When classifying cams from “mild” to “wild,” organizing the camshafts by intake duration is one method that can be used. While not fool proof, this method establishes a way of ranking the camshafts by a common specification. Camshafts that are “mild” will generally produce more intake manifold vacuum (important for power brake assist) and have a smoother idle characteristic. These camshafts will tend to deliver respectable power gains without pushing the peak power and peak torque RPM much more than 500 RPM about the factory level. “Wild” camshafts, on the other hand, will feature more actual duration and even more additional lift than “mild” camshafts. The results are low intake manifold vacuum, and a “choppy”, “lopey” or “racey” idle. These wild cams will often require an increase of the idle speed by 500RPM of more in order to keep the engine from stalling. These wild cams also require additional tuning at these low engine speeds and are therefore best teamed with a capable aftermarket engine management system.

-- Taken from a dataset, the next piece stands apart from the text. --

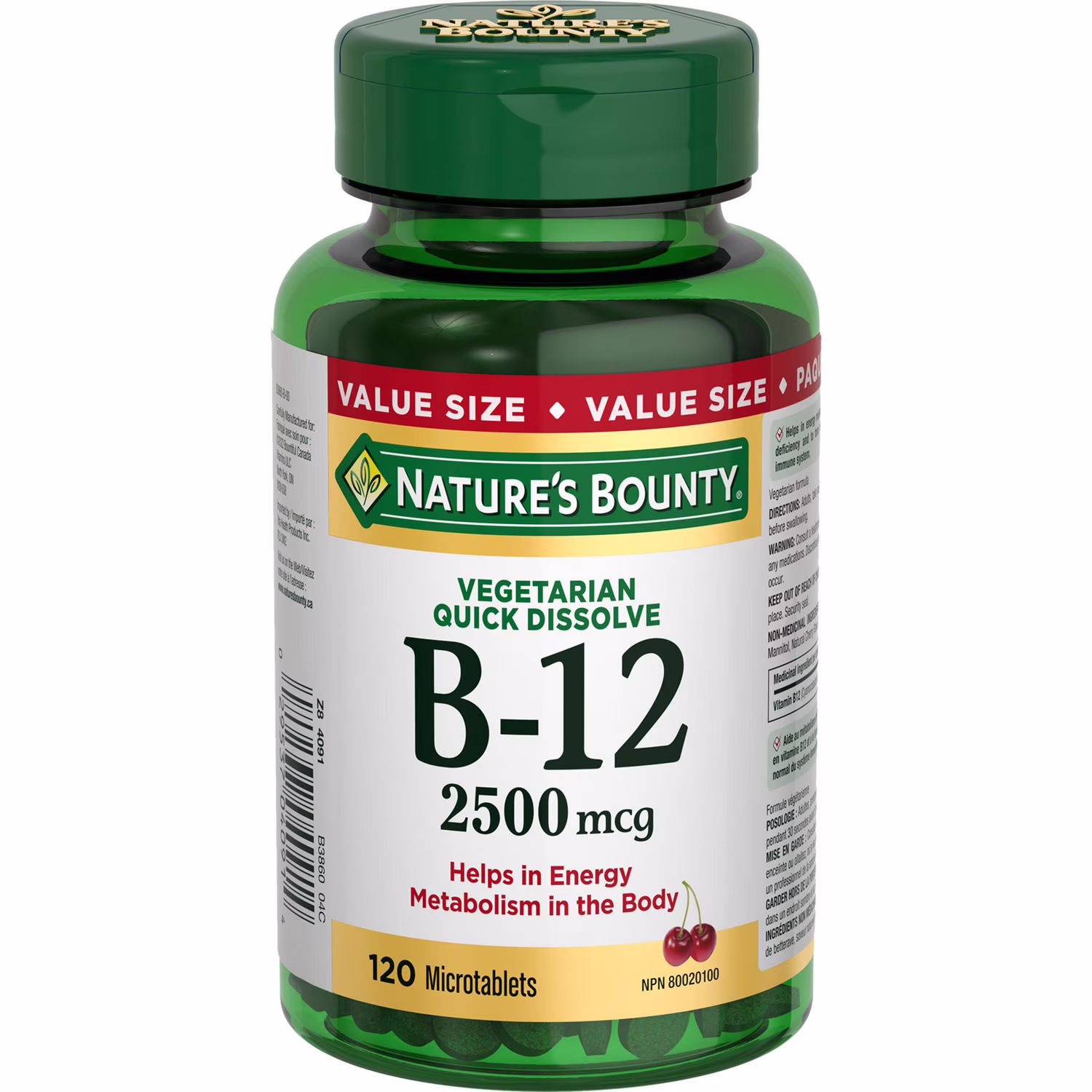 Nature’s Bounty B12 1000mcg Quick Dissolve Tablets provide 500 mcg of methylcobalamin, the active form of vitamin B12, supporting energy metabolism, heart, and nervous system health. These tablets dissolve quickly under the tongue, offering fast absorption and come in a natural cherry flavor

TUNING TIP: If you choose an aftermarket camshaft that doesn’t deliver to your expectations, working with the camshaft manufacturer (by providing a dyno of the power curve with the factory cam and the aftermarket cam, along with other engine/vehicle specs) can be very productive in many cases. Armed with this information, most manufacturers will be able to suggest a grind that gets you right where you want to be. You may also be able to use the real specifications measured by DSPORT to ensure that Brand A’s “272” camshaft really is more aggressive than Brand B’s “264” camshaft when switching from one manufacturer to another.


As camshafts move from mild to wild, peak power production tends to go up. While the factory camshaft produces the best power at 3,500 RPM (probably very close to the cruising RPM for the vehicle), all of the aftermarket camshafts provide significant power gains at higher engine speeds. Milder cams outperform the wilder cams at 4,500 RPM. At 5,500-6,500 RPM, all of the aftermarket cams are within 25 horsepower of each other. However, as engine speeds approach the higher revs, the wilder cams begin to gain a power advantage. From 7,500-8,500 RPM, some of the mild cams are nearly 80 horsepower shy of the output from some of the wild cams. The peak power RPM also tends to rise with “wilder” cams. The lowest duration factory camshaft creates peak power at 7,000 RPM. The highest duration TOMEI 290 camshaft produces peak power at 8,400 RPM (perhaps at an even higher engine speed, but our test limited engine speed to 8,500 RPM).


So which is the best camshaft for your performance application? It all depends on a number of factors. However, it’s safe to say that ditching the factory camshaft for a quality aftermarket camshaft will deliver a serious performance increase. The maximum safe engine speed (redline) and the intended usage will also dictate selection. Milder grinds are going to be a better choice for engines that do not have the necessary upgrades to safely increase the redline of the engine above the factory set level. The required upgrades for extended redlines often consist of spring and retainer upgrades and, in some cases, upgrades to the pistons and rods to endure the higher engine speeds. When an engine can be safely revved to 8,500 RPM, instead of just 7,500RPM, a wilder camshaft will likely be the choice for optimized performance. As for applications, road racing vehicles will generally run quicker with a grind that is milder than the camshaft that delivers peak performance on the dragstrip. The reason is simple. Road racing vehicles depend on that mid-range punch coming out of turns. Hence having more power between 4,500-to-5,500 RPM will likely have more influence on lap times than having more power between 6,500-to-7,500 RPM.